Procedure 18 Tendon Transfers for Carpal Tunnel Syndrome
See Video 14: Tendon Transfer for Anterior Interosseous Nerve Palsy (FDS to FPL)
Examination/Imaging
Clinical Examination
Sensation: It is important to document the level of sensation in the thumb and fingers preoperatively. Patients may also have diminished sensation in the ulnar nerve distribution. The potential functional benefit of a tendon transfer will be diminished in a patient with sensory loss, and these patients must be counseled about the likely poorer outcome after surgery.
Joints: To get a good result from the tendon transfer, patients must have good passive range of motion at the thumb metacarpophalangeal (MCP) joint and the thumb carpometacarpal (CMC) joint. It is not uncommon for patients to have basal joint arthritis with a supination and adduction deformity of the thumb and first web-space contracture. This should be addressed before a tendon transfer is considered.
Motor: Many motors have been described for opponensplasty. Our first preference is the palmaris longus (PL) followed by the extensor indicis proprius (EIP), if the PL is absent. We rarely use the flexor digitorum superficialis (FDS) of the ring finger because of the greater morbidity (weakening the power grip, risk for proximal interphalangeal [PIP] joint flexion contracture, swan-neck deformity) and because the soft tissue pulley attenuates over time. Although the tension fraction of PL (1.2%) and EIP (1%) is theoretically less than the combined tension fraction of abductor pollicis brevis (APB) (1.1%) and opponens pollicis (OP) (1.9%), the transfer only needs enough strength to position the thumb in abduction.
The transfer of the PL (Camitz transfer) is typically performed for an elderly patient with CTS and severe thenar atrophy. The Camitz transfer is considered a “freebie” procedure because the incision used for CTS can be extended to the wrist in a zigzag fashion to obtain the PL augmented by the palmar fascia to attach into the ABP insertion at the radial MCP joint. As with any freebie procedure, however, the direction of tendon pull is not in line with the APB muscle but rather is more parallel to the forearm, which does diminish the biomechanical construct of this tendon transfer procedure. For an elderly patient with modest functional requirements, this transfer does serve the purpose of restoring some abduction and will permit the patient to recover acceptable thumb function.
We use the test described by Mishra to determine the presence of the PL. The traditional test described by Schaeffer requires the patient to abduct and oppose the thumb to the small finger and flex the wrist. A patient with thenar atrophy will find it difficult to do so. The Mishra test is performed by holding the patient’s wrist and fingers in hyperextension, while asking the patient to flex the wrist. This stretches the palmar aponeurosis and makes the PL taut when the patient attempts wrist flexion (Fig. 18-1).
Surgical Anatomy
Thumb opposition is a complex movement produced by a combination of flexion, palmar abduction, and pronation and requires participation of both the MCP and CMC joints. The prime muscle of thumb opposition is believed to be the APB with contributions from the OP and flexor pollicis brevis (FPB).
The muscles affected after low median nerve palsy are the APB, OP, superficial head (radial head) of the FPB, and the radial two lumbricals (first and second). The first three muscles are innervated by the recurrent motor branch of the median nerve, whereas the latter two are innervated by the first and second common palmar digital nerve branch of the median nerve.
Reasonable thumb abduction and opposition may be retained after isolated median nerve injury or severe carpal tunnel syndrome as a result of preserved ulnar nerve function (retained innervation of the deep head of the FPB and variability in thenar muscle innervation by connection between the ulnar and median nerves). Figure 18-2 shows the preoperative appearance of the hand with severe CST on the right. Note the thenar atrophy and inability to palmarly abduct the right thumb.
The midpalmar portion of the palmar aponeurosis has three layers: superficial longitudinal fibers, deeper transverse fibers, and deepest vertical fibers.

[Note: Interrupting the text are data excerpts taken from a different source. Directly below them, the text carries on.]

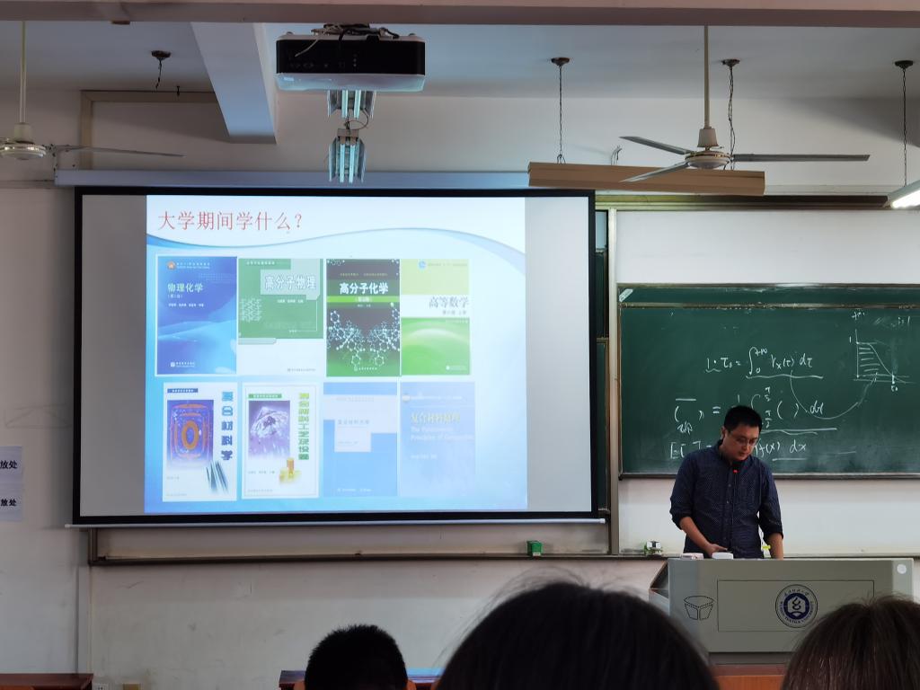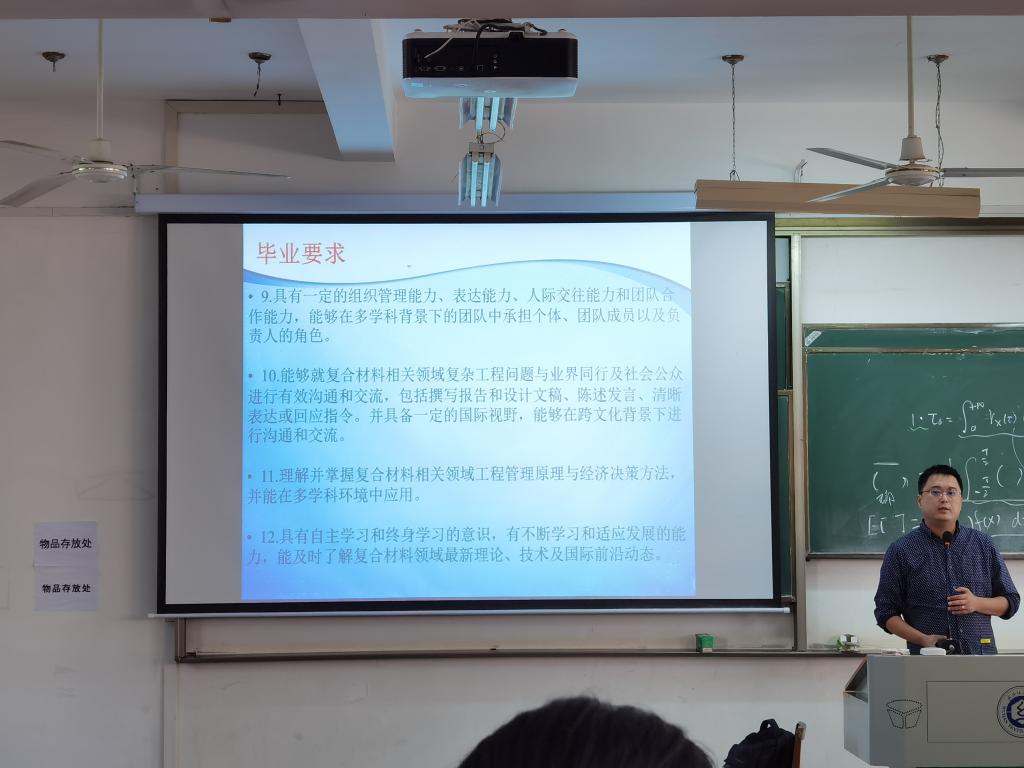 孙九霄老师简要介绍了复合材料与工程专业,分别从复合材料的应用、复合材料的培养方案、复合材料与工程系教师及主要研究方向三个方面展开。其中,孙老师分析了复合材料的特点及应用,并列举了复合材料在国防、航空、航天等尖端科学技术领域和汽车、电力、建筑、化工等生活领域的应用;又从培养目标、毕业要求、课程设置和研究方向方面剖析了复合材料学子的成才之路。
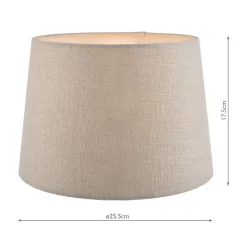The Laura Ashley Bacall lightshade has a classic, slightly angled, Empire drum form. The diameter of this size is 25cm. Here we finish it in slubbed linen in silver.
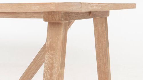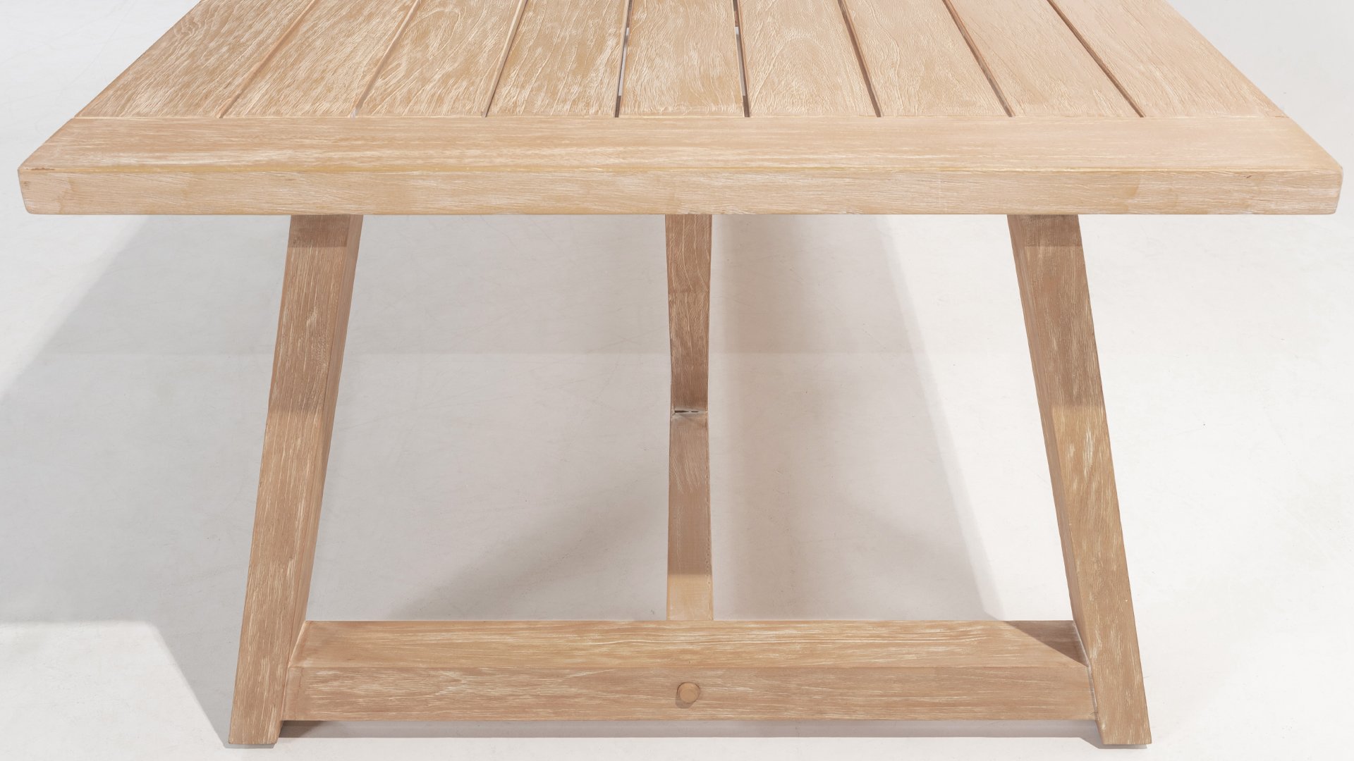 Teak is a natural product and particularly suitable for outdoor use. It is resistant to pests and mold and can withstand sun, rain, and snow. Over time, teak develops a silver-gray patina. Teak is a robust material and requires little maintenance. If you prefer the original color of your teak, you can easily prevent it from turning gray by regularly using our care product. You can also clean teak with green soap. We offer a warranty on all manufacturing and construction defects. This does not cover the working of teak. If you choose teak, we expect you to appreciate these qualities. Hairline cracks that may develop, knots in the teak, and rough surfaces or irregular discoloration over time are not covered by our warranty. These characteristics, which give teak its unique character and appearance, are part of its natural properties. Be careful with a flowerpot or vase on your teak garden table, as this can cause persistent rings or color variations. Imperfections are common; these imperfections are characteristic of this product. These irregularities can never give rise to a claim, warranty, or complaint. This is a mark of originality!
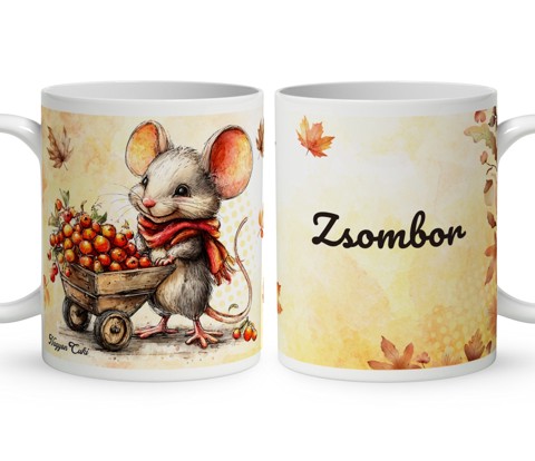Névvel kérhető - Cuki őszi gyűjtögető kisegér mintás bögre | Névre Szóló Ajándék & Személyes Egeres Bögre | nagyoncuki.hu Képzeld el azt a varázslatos mosolyt a megajándékozott arcán, amikor egy olyan bögrét tart a kezében, amely nemcsak a kedvenc reggeli teájához vagy kávéjához nyújt társaságot, hanem a kisegér szelíd báját, az őszi meghittséget és a bekuckózás örömét is tükrözi! Ez a különleges, névre szóló, egyedi tervezésű őszi kisegér bögre a kényelmes pihenés, a bájos cukiság és az Erdei Varázs kollekció szeretetteljes megtestesítője. Egy apró, szeretetteljes gesztus, amely a mindennapokat is fénnyel tölti meg, és inspirációt ad minden kortyhoz. Kiváló ajándék ötlet mindenkinek – legyen szó nőről, férfiról, vagy gyermekről – aki értékeli a személyes és lélekemelő meglepetéseket. Ezt a bájos bögrét mi magunk, a nagyoncuki.hu csapata terveztük,így biztos lehetsz benne, hogy egy igazán egyedi és különleges erdei állat mintás ajándék darabbal leped meg szeretteidet vagy magadat! :) Miért válaszd ezt a névre szóló cuki őszi kisegér mintás bögrét? Egyedi design: A bögre designja szeretettel készült, kifejezetten az egerek, a kávézás és az Erdei Varázs kollekció szerelmesei számára. Igazi kisegér mintás ajándék különlegesség! Személyre szabható: Tedd még különlegesebbé az ajándékot a megajándékozott nevével! Egy igazán egyedi bögre élmény, , ami azt üzeni: "Ez csak a tied!" Minőségi anyag: A bögre tartós kerámiából készült, így hosszú ideig megőrzi a rá nyomtatott kedves mintát és az élénk színeit. Praktikus ajándék: A bögre nem csupán egy dísztárgy, hanem egy hasznos és a mindennapokban is örömmel használt ajándék, ami mindig emlékeztet a figyelmességedre és a szeretet erejére. Univerzális: Nőknek, férfiaknak, gyerekeknek – bárkinek tökéletes választás. Kinek ideális ajándék ez a cuki őszi kisegér mintás bögre? Kisállat és Természet Rajongóknak: Mindenkinek, aki a kisegereket, az erdei állatokat és a bájos, Erdei Varázs stílus rajongója. Az őszi hangulat kedvelőinek: Akik imádják a bekuckózást, a meleg italokat és a meghitt pillanatokat. Egyedi és személyes ajándékot keresőknek: Ha valami igazán különlegeset és névre szólót szeretnél adni. Hol használhatod a ezt az aranyos kisegér mintás bögrét? Otthon: A konyhában, az étkezőben, az íróasztalon, vagy bármely kedvenc olvasó zugodban – bárhol, ahol egy kis őszi hangulatra vágysz. Irodában: Az íróasztalon, hogy a munkahelyeden is legyen egy kis báj és inspiráció. Ajándékként: Önmagában is egy csodás meglepetés, de akár egy őszi témájú ajándékcsomag részeként is tökéletes választás. Termékjellemzők: Űrtartalom: 3 dl (kb. 300-330ml) fehér kerámia bögre, kívül mintával Anyag: 100% prémium minőségű kerámia Kezelés: Mosogatógépben mosható és mikrohullámú sütőben is használható a hosszan tartó minta érdekében. Egyedi felirattal is kérhető: Ne felejtsd el megadni a kért nevet. Elérhető szín: Klasszikus fehér, amelyen a minta gyönyörűen érvényesül.
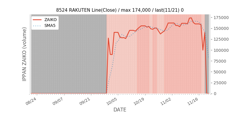 - SBIとGMOを含んだ直近数日の在庫の履歴
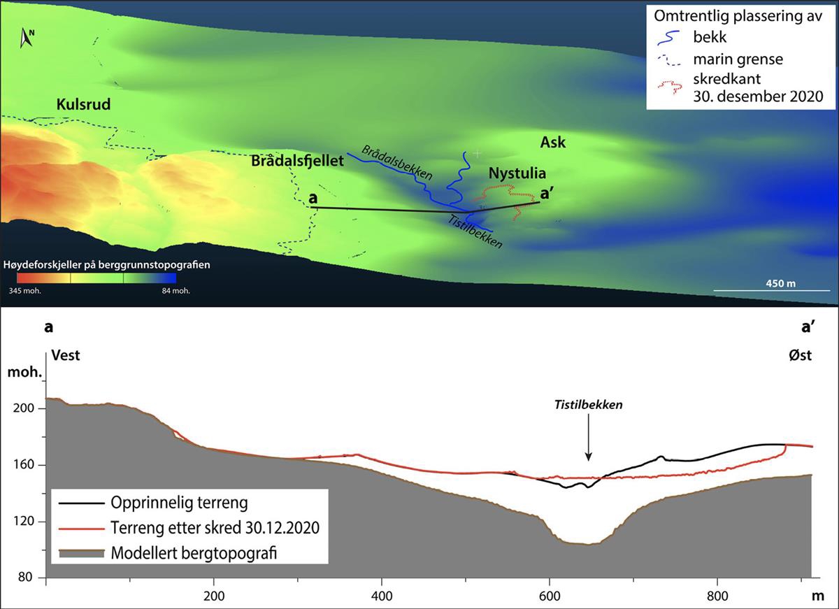 Figur 5.5 NGUs Cloud Compare-modell som viser bergoverflaten under løsmassene for området rundt Ask (se områdelokasjon i Figur 5.3). Profil a-a’ krysser skredgropa. Se (Penna & Solberg, 2021) for dokumentasjon og usikkerheter rundt modellen.
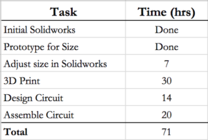 Given this timeline, I know I have 71 hours worth of work left do to. The goal is to finish resizing this week and start 3D printing the beginning of next week. Knowing spots fill up, it may take longer to 3D print than expected so I am going to get on the solidworks as soon as possible.
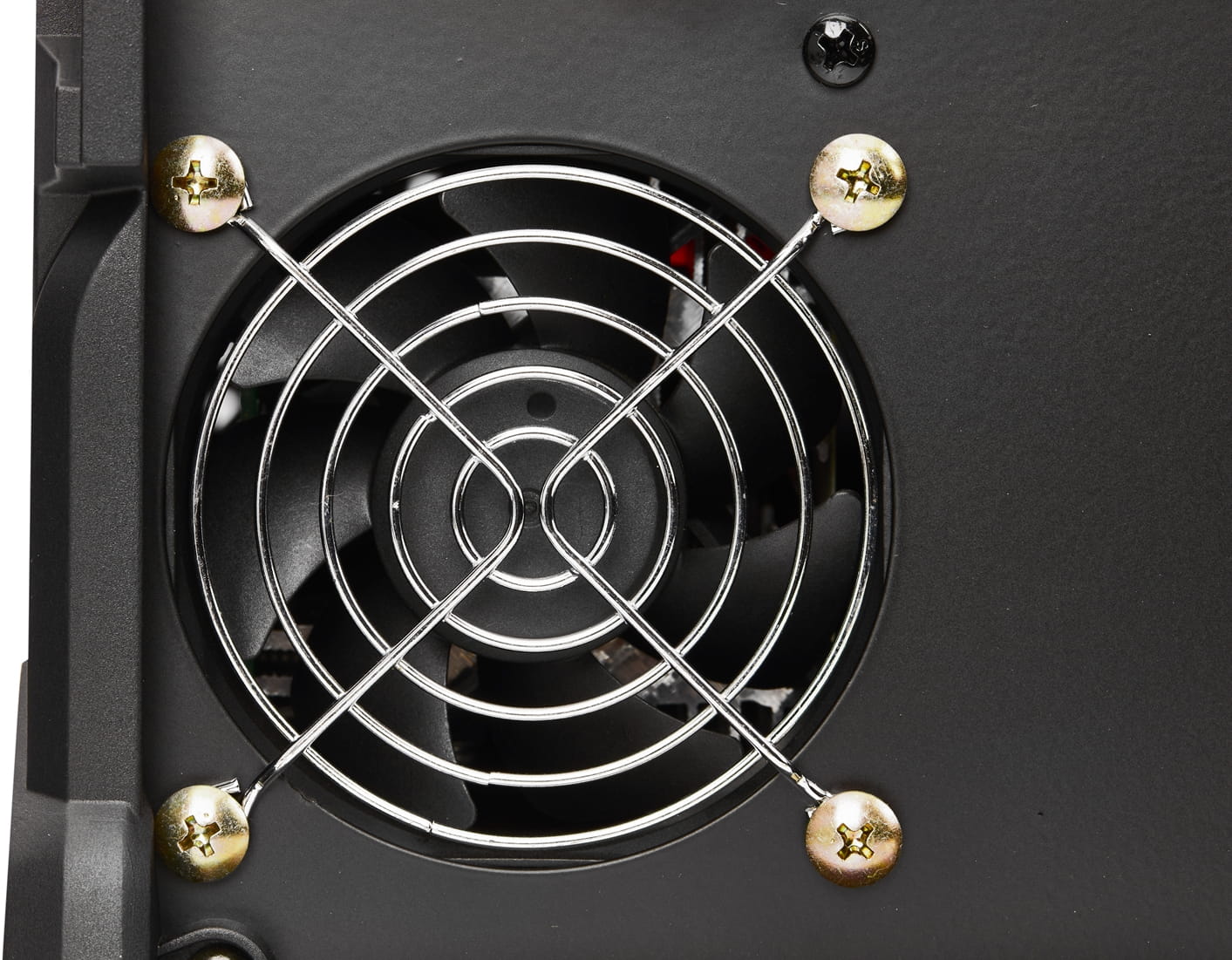 Wyświetlacz LCD umożliwia bieżący odczyt ustawionych parametrów — prądu i napięcia — bez konieczności szacowania wartości. Wentylatorowy system chłodzenia odprowadza ciepło z modułów mocy, wydłużając żywotność elektroniki przy intensywnej eksploatacji.
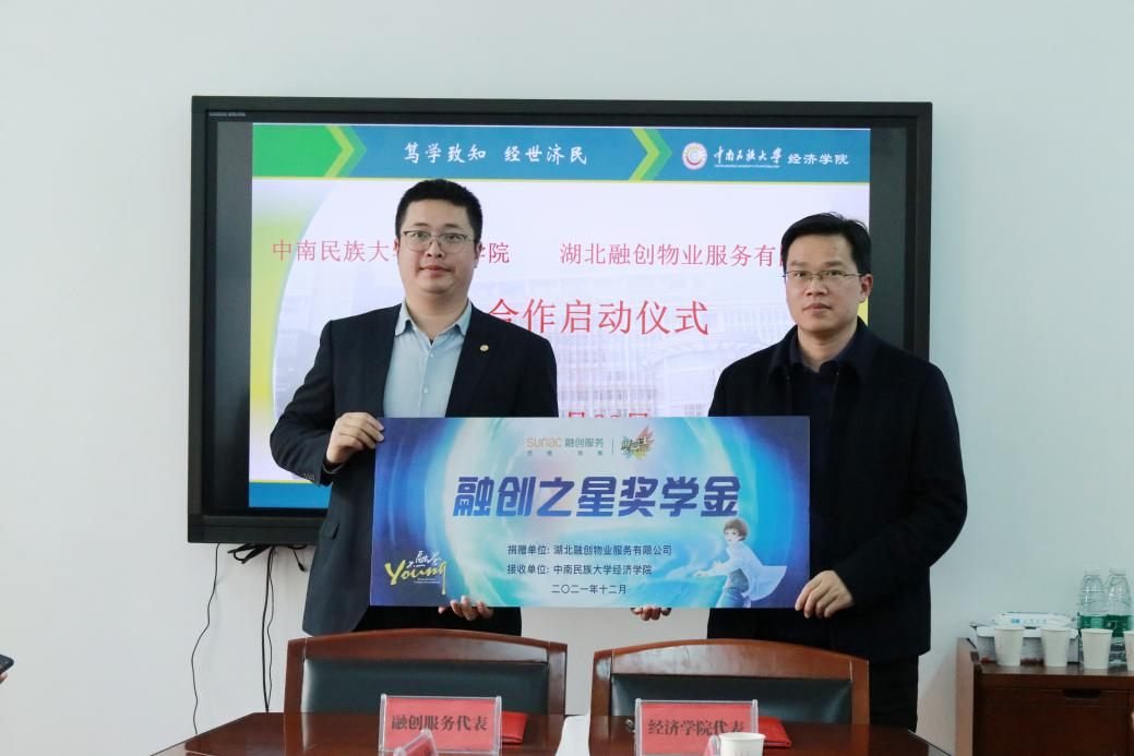 為鼓勵(lì)經(jīng)院學(xué)子勤奮學(xué)習(xí),助力學(xué)生學(xué)有所成,融創(chuàng)物業(yè)服務(wù)有限公司在學(xué)院設(shè)立“融創(chuàng)之星獎(jiǎng)學(xué)金”,市場(chǎng)部總監(jiān)李田驥和學(xué)院黨委書(shū)記柯尊韜共同進(jìn)行了獎(jiǎng)學(xué)金的揭牌儀式。
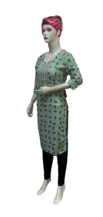 The kurti is adorned with subtle, intricate embroidery that adds a touch of grace and refinement. The small embroidery patterns are thoughtfully placed, creating a harmonious balance that enhances the overall design without overwhelming its simplicity. This design approach makes it versatile, suitable for festive gatherings, casual outings, or even formal office wear.
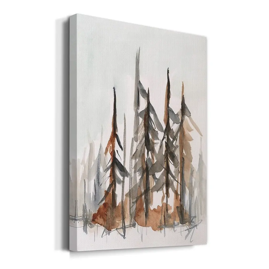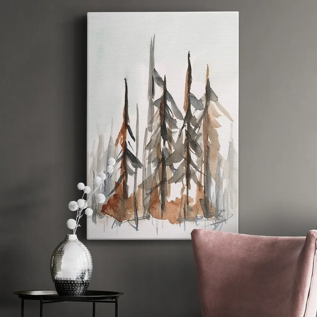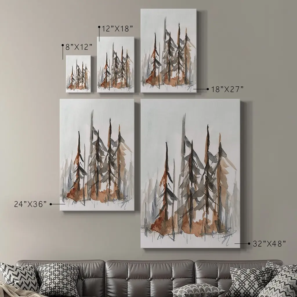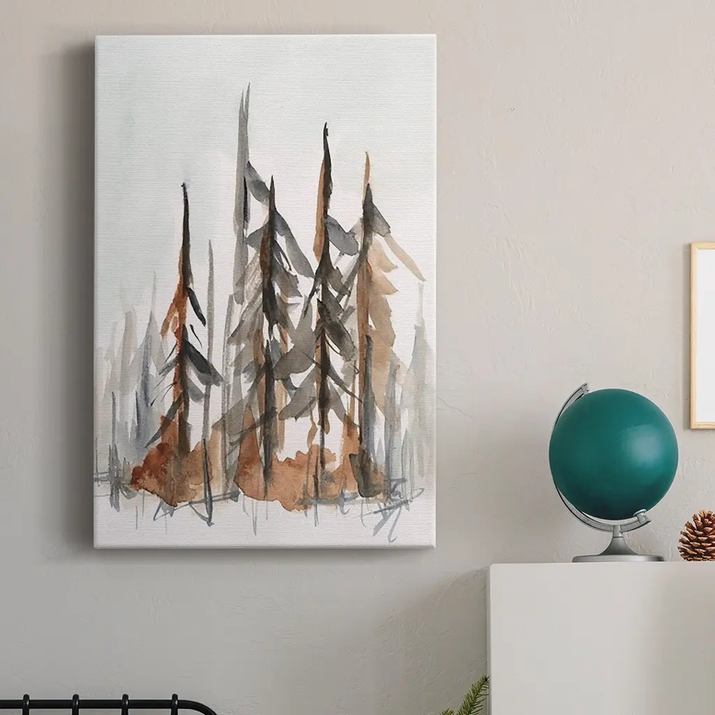 Rustic Evergreens I Premium Gallery Wrapped Canvas - Ready to Hang A premium hand stretched gallery wrapped canvas print created to last. Featuring a beveled a solid wood stretcher bar, each piece comes ready to hand 6 SIZES AVAILABLE 8''X12'' - Overall Size 12''X18'' - Overall Size 18''X27'' - Overall Size 24''x36'' - Overall Size 32''x48'' - Overall Size 40''x60'' - Overall Size Each piece is made to order. Built to Last Each piece comes ready to hang Solid wood stretcher Fade and Water resistant Made domestically
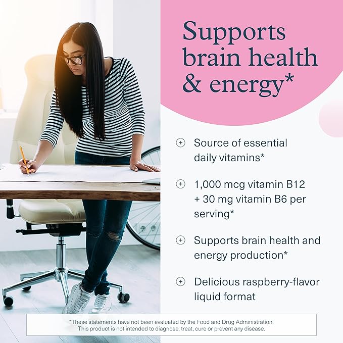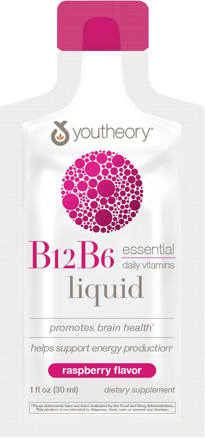 Youtheory Vitamin B12 B6, Daily Energy and Brain Support Supplement, Liquid Raspberry Flavor, 12 – 1oz Single Serving Packets

Only the superficial longitudinal fascia is obtained in continuity with the PL to maximize the length of this tendon to reach the APB insertion.
Positioning
The procedure is performed under tourniquet control. It is usually performed under sedation and local anesthesia because this procedure is rather expedient and there is no need to take unnecessary anesthetic risk in elderly patients. The patient is positioned supine with the affected extremity on a hand table.